• [Instructions for the task]
Look through the lines below and extract each one that contains "azul".

• [Data listing]

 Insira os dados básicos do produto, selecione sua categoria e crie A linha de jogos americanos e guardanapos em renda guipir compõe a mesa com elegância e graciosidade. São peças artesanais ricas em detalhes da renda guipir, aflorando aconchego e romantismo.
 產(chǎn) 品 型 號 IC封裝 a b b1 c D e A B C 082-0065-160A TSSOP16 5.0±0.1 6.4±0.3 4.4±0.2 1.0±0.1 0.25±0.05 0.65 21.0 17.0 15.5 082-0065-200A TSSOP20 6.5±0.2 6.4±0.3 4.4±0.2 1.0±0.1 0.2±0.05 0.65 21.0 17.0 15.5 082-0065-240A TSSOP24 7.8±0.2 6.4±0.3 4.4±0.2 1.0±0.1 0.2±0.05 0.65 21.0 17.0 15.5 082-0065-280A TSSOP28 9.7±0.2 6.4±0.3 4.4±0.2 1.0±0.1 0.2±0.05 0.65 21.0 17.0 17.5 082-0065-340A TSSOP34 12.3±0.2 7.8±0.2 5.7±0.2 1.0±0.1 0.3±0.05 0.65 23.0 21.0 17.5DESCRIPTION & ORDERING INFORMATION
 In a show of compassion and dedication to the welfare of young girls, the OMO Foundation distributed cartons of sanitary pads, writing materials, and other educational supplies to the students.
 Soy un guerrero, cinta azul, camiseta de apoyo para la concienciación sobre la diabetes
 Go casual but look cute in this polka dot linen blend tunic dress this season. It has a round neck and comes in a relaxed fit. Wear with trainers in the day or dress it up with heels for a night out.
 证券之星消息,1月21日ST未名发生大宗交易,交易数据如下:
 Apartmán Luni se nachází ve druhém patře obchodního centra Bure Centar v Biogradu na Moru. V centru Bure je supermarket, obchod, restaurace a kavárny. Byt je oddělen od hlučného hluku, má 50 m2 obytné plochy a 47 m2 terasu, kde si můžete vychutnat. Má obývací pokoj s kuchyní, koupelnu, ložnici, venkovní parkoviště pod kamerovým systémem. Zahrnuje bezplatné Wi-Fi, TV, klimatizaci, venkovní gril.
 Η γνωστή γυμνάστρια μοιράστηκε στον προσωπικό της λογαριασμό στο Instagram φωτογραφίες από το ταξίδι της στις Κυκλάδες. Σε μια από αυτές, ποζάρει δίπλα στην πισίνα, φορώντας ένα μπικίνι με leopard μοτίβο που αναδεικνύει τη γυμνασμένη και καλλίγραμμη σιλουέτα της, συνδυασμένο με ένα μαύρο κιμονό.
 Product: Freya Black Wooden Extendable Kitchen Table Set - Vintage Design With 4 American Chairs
---
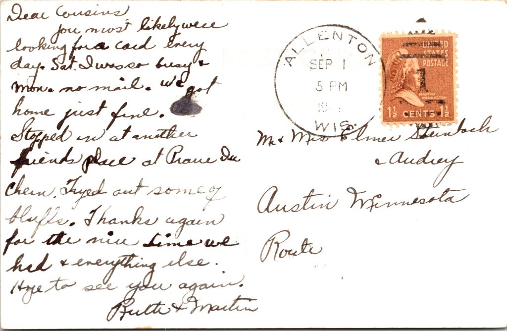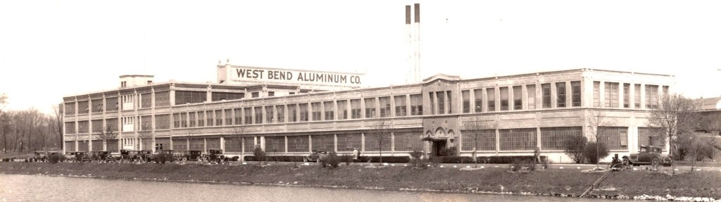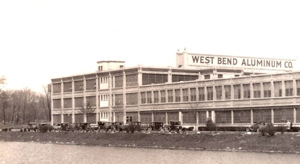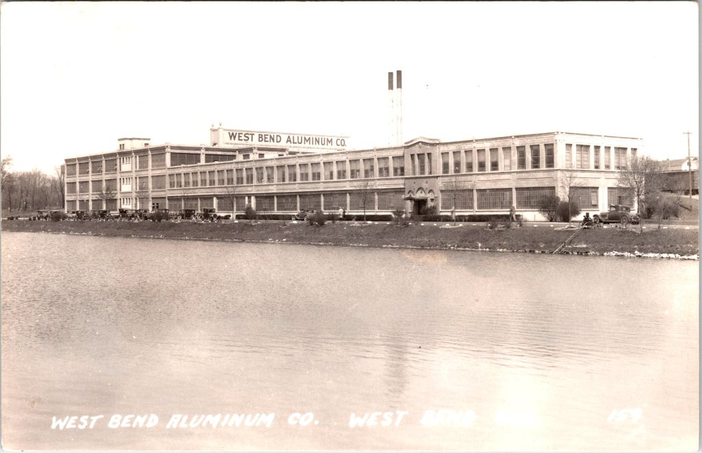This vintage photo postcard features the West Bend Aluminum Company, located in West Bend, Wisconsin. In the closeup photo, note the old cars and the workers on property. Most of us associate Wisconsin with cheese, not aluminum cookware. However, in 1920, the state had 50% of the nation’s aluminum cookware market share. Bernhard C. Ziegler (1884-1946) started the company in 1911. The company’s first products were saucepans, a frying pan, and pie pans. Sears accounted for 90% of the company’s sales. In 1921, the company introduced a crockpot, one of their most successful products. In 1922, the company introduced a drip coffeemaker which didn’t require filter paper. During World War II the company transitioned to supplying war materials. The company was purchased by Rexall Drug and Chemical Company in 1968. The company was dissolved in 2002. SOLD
---
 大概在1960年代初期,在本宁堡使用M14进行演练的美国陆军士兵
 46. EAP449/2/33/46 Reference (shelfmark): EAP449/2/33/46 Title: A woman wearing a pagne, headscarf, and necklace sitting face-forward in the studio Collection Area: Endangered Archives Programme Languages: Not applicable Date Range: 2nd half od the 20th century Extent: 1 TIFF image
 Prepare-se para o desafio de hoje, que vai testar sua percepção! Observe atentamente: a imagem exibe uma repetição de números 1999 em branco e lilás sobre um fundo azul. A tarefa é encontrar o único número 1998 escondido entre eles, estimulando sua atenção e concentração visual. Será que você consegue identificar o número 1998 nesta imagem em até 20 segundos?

• [Solution to this exercise]
 Soy un guerrero, cinta azul, camiseta de apoyo para la concienciación sobre la diabetes
 Prepare-se para o desafio de hoje, que vai testar sua percepção! Observe atentamente: a imagem exibe uma repetição de números 1999 em branco e lilás sobre um fundo azul. A tarefa é encontrar o único número 1998 escondido entre eles, estimulando sua atenção e concentração visual. Será que você consegue identificar o número 1998 nesta imagem em até 20 segundos?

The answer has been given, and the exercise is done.